As you can see, the uninfected-2 sample is still deeply problematic.

3.3.3 Raw data with batch removal

That had a pretty profound effect, so lets try leaving the data alone and just removing the batch effect.

norm_expt_svaseq <- normalize_expt(ixo_expt, transform="raw",
                                   norm="raw", convert="cpm",
                                   filter=TRUE, batch="svaseq")
## This function will replace the expt$expressionset slot with:
## svaseq(cpm(hpgl(data)))
## It backs up the current data into a slot named:
##  expt$backup_expressionset. It will also save copies of each step along the way
##  in expt$normalized with the corresponding libsizes.
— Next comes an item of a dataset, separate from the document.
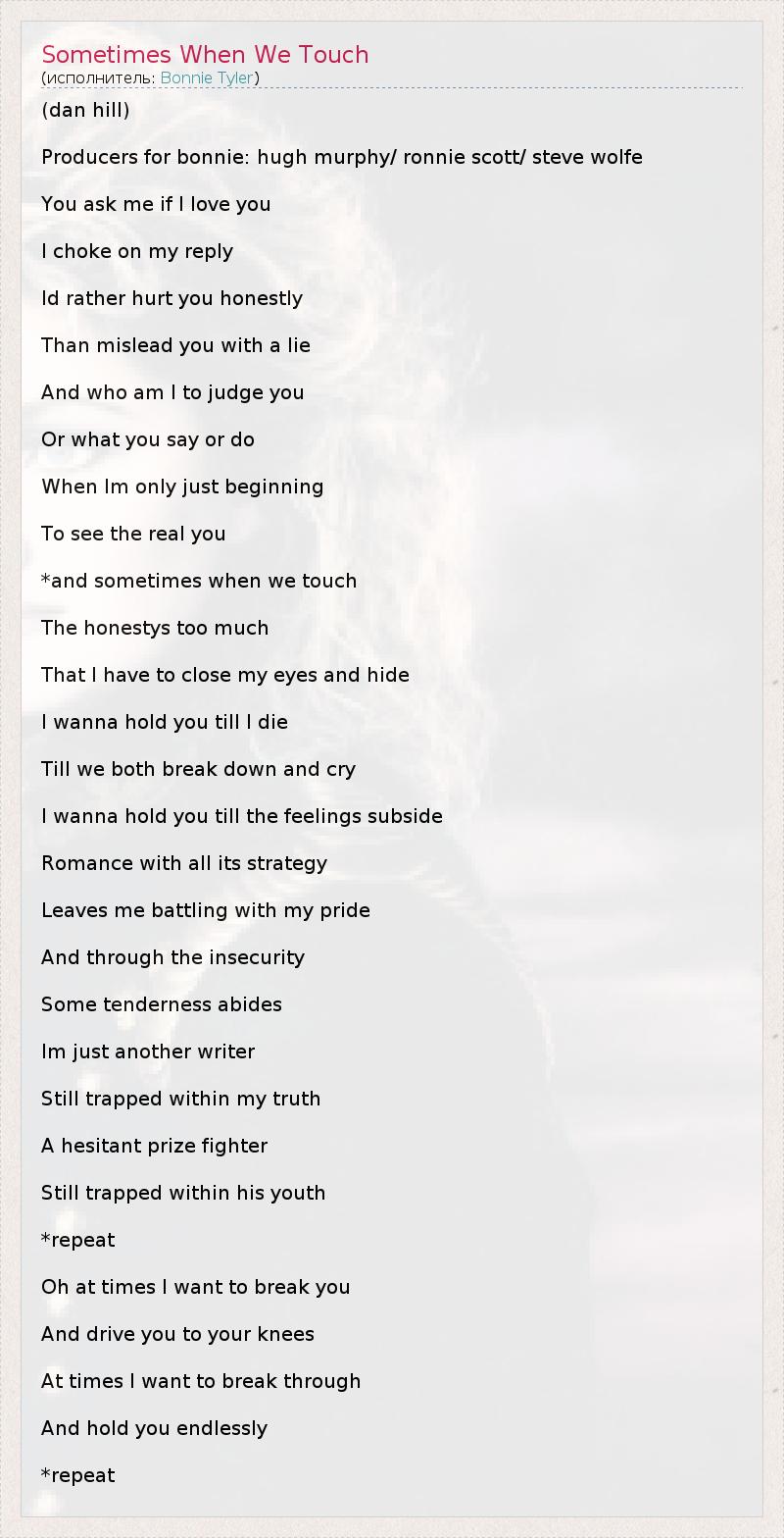 А как ты думаешь, о чем песня "Sometimes When We Touch" ?

Keep the libsizes in mind
##  when invoking limma.  The appropriate libsize is the non-log(cpm(normalized)).
##  This is most likely kept at:
##  'new_expt$normalized$intermediate_counts$normalization$libsizes'
##  A copy of this may also be found at:
##  new_expt$best_libsize
## Leaving the data in its current base format, keep in mind that
##  some metrics are easier to see when the data is log2 transformed, but
##  EdgeR/DESeq do not accept transformed data.
## Leaving the data unnormalized.  This is necessary for DESeq, but
##  EdgeR/limma might benefit from normalization.  Good choices include quantile,
##  size-factor, tmm, etc.
## Step 1: performing count filter with option: hpgl
## Removing 63749 low-count genes (26085 remaining).
## Step 2: not normalizing the data.
## Step 3: converting the data with cpm.
## Step 4: not transforming the data.
## Step 5: doing batch correction with svaseq.
## In norm_batch, after testing logic of surrogate method/number, the
## number of surrogates is:  and the method is: be.
## Note to self:  If you get an error like 'x contains missing values'; I think this
##  means that the data has too many 0's and needs to have a better low-count filter applied.
## batch_counts: Before batch correction, 2372 entries 0<x<1.
## batch_counts: Before batch correction, 18018 entries are >= 0.
## After checking/setting the number of surrogates, it is: 1.
## batch_counts: Using sva::svaseq for batch correction.
## Note to self:  If you feed svaseq a data frame you will get an error like:
## data %*% (Id - mod %*% blah blah requires numeric/complex arguments.
## The number of elements which are < 0 after batch correction is: 276
## The variable low_to_zero sets whether to change <0 values to 0 and is: FALSE
pp(file="images/norm_pca.tiff")
## Defaulting to tiff.
## Going to write the image to: images/norm_pca.tiff when dev.off() is called.
plot_pca(norm_expt_svaseq)$plot
## Too few points to calculate an ellipse
## Too few points to calculate an ellipse
## Too few points to calculate an ellipse
## Too few points to calculate an ellipse
dev.off()
## png 
##   2

That seems to be sufficient to smash the uninfected and infected samples into their own pairs.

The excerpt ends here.